» **What you will do**
Would you reproduce each line below exactly, leaving every picture out?

» **Exercise data**
•••

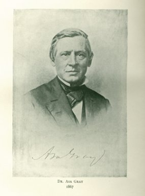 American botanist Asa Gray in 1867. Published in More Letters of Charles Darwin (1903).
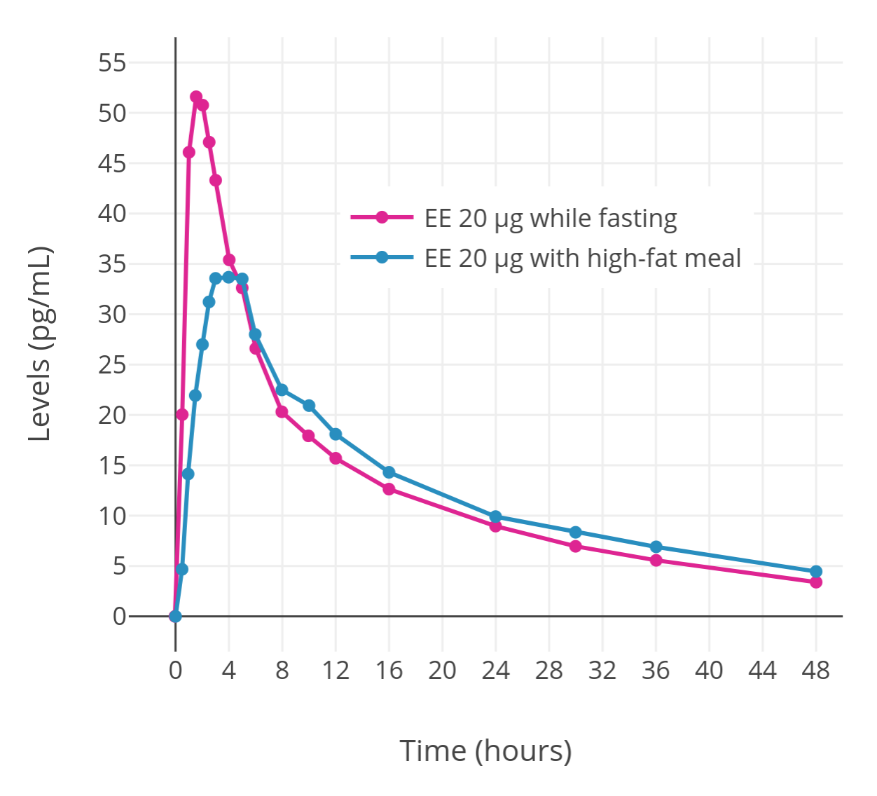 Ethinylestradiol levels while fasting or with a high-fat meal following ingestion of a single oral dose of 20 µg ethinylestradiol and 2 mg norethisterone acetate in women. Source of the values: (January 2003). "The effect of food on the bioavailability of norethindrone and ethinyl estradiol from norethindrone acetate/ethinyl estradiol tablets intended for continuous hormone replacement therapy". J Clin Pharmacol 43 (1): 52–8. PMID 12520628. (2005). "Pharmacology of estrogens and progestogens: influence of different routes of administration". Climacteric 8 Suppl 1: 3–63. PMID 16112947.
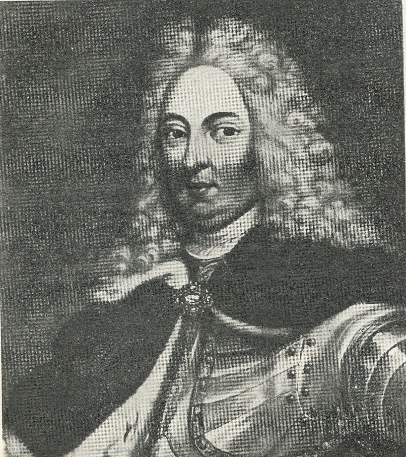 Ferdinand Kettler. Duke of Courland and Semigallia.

•••

» **Answer box**
 American botanist Asa Gray in 1867. Published in More Letters of Charles Darwin (1903).
 Ethinylestradiol levels while fasting or with a high-fat meal following ingestion of a single oral dose of 20 µg ethinylestradiol and 2 mg norethisterone acetate in women. Source of the values: (January 2003). "The effect of food on the bioavailability of norethindrone and ethinyl estradiol from norethindrone acetate/ethinyl estradiol tablets intended for continuous hormone replacement therapy". J Clin Pharmacol 43 (1): 52–8. PMID 12520628. (2005). "Pharmacology of estrogens and progestogens: influence of different routes of administration". Climacteric 8 Suppl 1: 3–63. PMID 16112947.
 Ferdinand Kettler. Duke of Courland and Semigallia.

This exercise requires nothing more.